If the next five years pay off, the team should have enough evidence to justify applying for more funds to test the method in humans.

The lab has worked with rats prone to retinitis pigmentosa, a terrible degenerative disease that begins with the loss of night vision, then peripheral vision, ending up with complete blindness.

So far the gene therapy looks good: Treating one eye prolongs or even saves the vision of rats that are going blind, while the untreated eye continues to degenerate.

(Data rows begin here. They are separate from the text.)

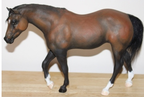
RES. CHAMPION MAJOR REMAKE/REPAINT/HAIR OR SCULPTED M/T: INDIANA JONES (LB)

Extreme Rem. & Rep. w/Hair M/T: Trad. or Larger (15): 1-Kandu Koho (AC), 2-Rockledge Diamond Lark (CM), 3-Diamond Seonee (AC), 4-Diamond Flame (SSu), 5-Diamond Handsome Devil (BH), 6-DQ Dragon Questor (BP), 7-Brookridge Diamond II (AP), 8- Diamond Fancy Cat (CM), 9-SD Conversano Diamond (AP), 10-RM Bay Bandit (AP)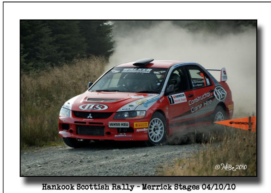
Hankook Scottish Rally - Merrick Stages 04/10/10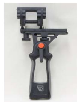
GS-23 Suspension handgrip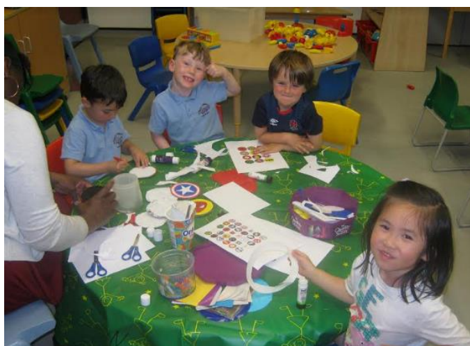
Nursery and Reception creating Superhero Crests in Afterschool Club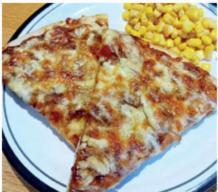
2 Slices of Texas BBQ Pizza (V) served with Baked Beans, Seasonal Vegetables or Coleslaw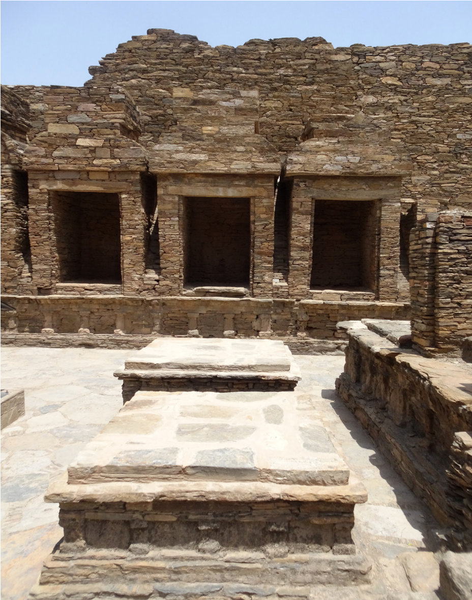
Fig. 3. Shrines surrounding the main stūpa , Takht-i-Bahi, Pakistan © A. Martin. The CC BY-NC-ND 4.0 licence does not apply to this picture.

style, are plain and undecorated. 41 For this reason, we can safely advance that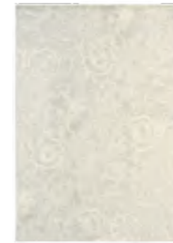
Poppy 28409 Cream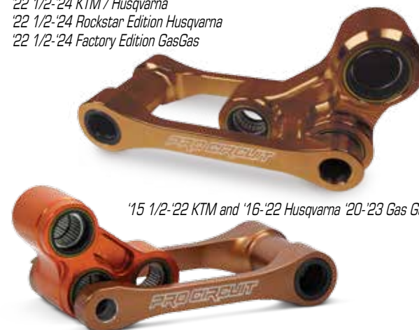
'15 1/2-'22 KTM and '16-'22 Husqvarna '20-'23 Gas Gas

'22 1/2-'24 KTM / Husqvarna '22 1/2-'24 Rockstar Edition Husqvarna '22 1/2-'24 Factory Edition GasGas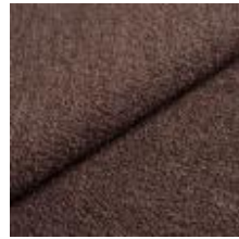
Fabric Barnum 11 Brown 1025005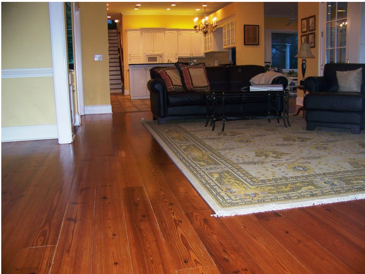
Real Heart Pine Floors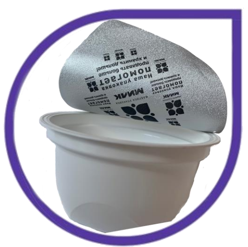
Information on the back side of the die cut lid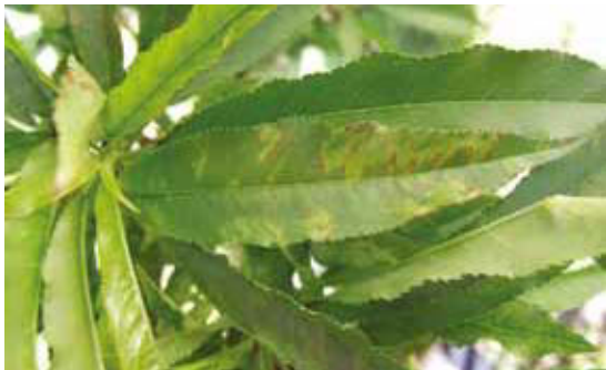
Figure 3. Severe Sharka symptoms on peach leaves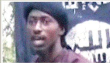
Abu Musab al-Barnawi ▲

Launched military operations in 2009 to create Islamic state – since then more than 20,000 people have been killed. Shekau continues to command militants under group's previous name, Jama'atu Ahlis Sunna Lidda'awati wal-Jihad (JAS)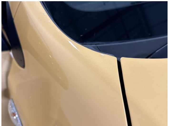
12: Wing osf Dented Between 10mm + 30mm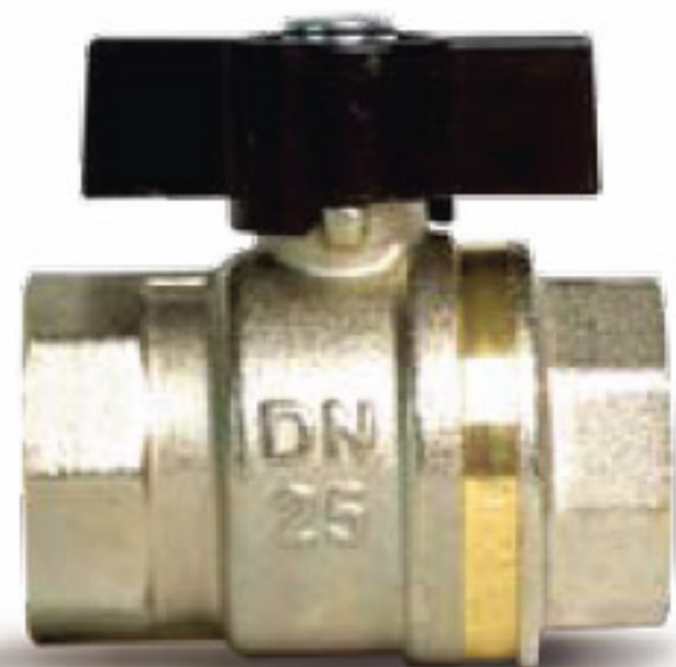
F x F - 00/0034

In the study to come, there will be six months of watching the rats. The rodents get a major eye exam every two weeks to see how the eye cells are reacting to gene therapy.

These eye exams required new equipment, and hundreds of people in Ottawa have had a hand in this without really realizing it.

If you attended a concert by the Blind Boys of Alabama in the spring of 2007, you helped raise about $45,000 to buy a machine that sends signals into the eye of a living person (or a rat), and tests whether the retina is functioning.

The machine is made for human patients, and one obstacle is to adapt it with lenses for animals with much smaller eyes.

Later, it gets trickier. They must analyse which cells have taken up the XIAP gene.

"We can see an area of protection (i.e. where eye cells didn't degenerate) but if we can't prove that our gene therapy was actually at that site, then we can't say that the gene therapy was what caused the protection," Cathy Tsilfidis says.

All this is what society gets for investing $1.4 million over five years. In fact, that's just part of the cost. All the researchers are on staff already, earning salaries from universities and hospitals. There are two eye surgeons, an electrophysiologist, a virus expert, a couple of eye disease researchers. Most are in Ottawa; two are at the Universities of Michigan and Florida.

Each has a lab with students, post-docs (recent PhD grads), and technicians.

Patients are already phoning Tsilfidis, asking for the new treatment. There isn't one, she must tell them, and this is hard news for people losing their eyesight.

She expresses confidence in the theory. "If I were going blind, I would absolutely have this therapy," she says. But there are no guarantees.

And it does take time -- 10 years to get this far, five more years beginning now, more years after that for trials in humans, assuming these are justified.

"I know how long it takes to achieve a goal. It's not like you do a project and it takes a week. You do a tiny bit of it and one week later it might give you an idea of what to do next. It is a long process."

Tom Spears is a member of the Citizen's editorial board.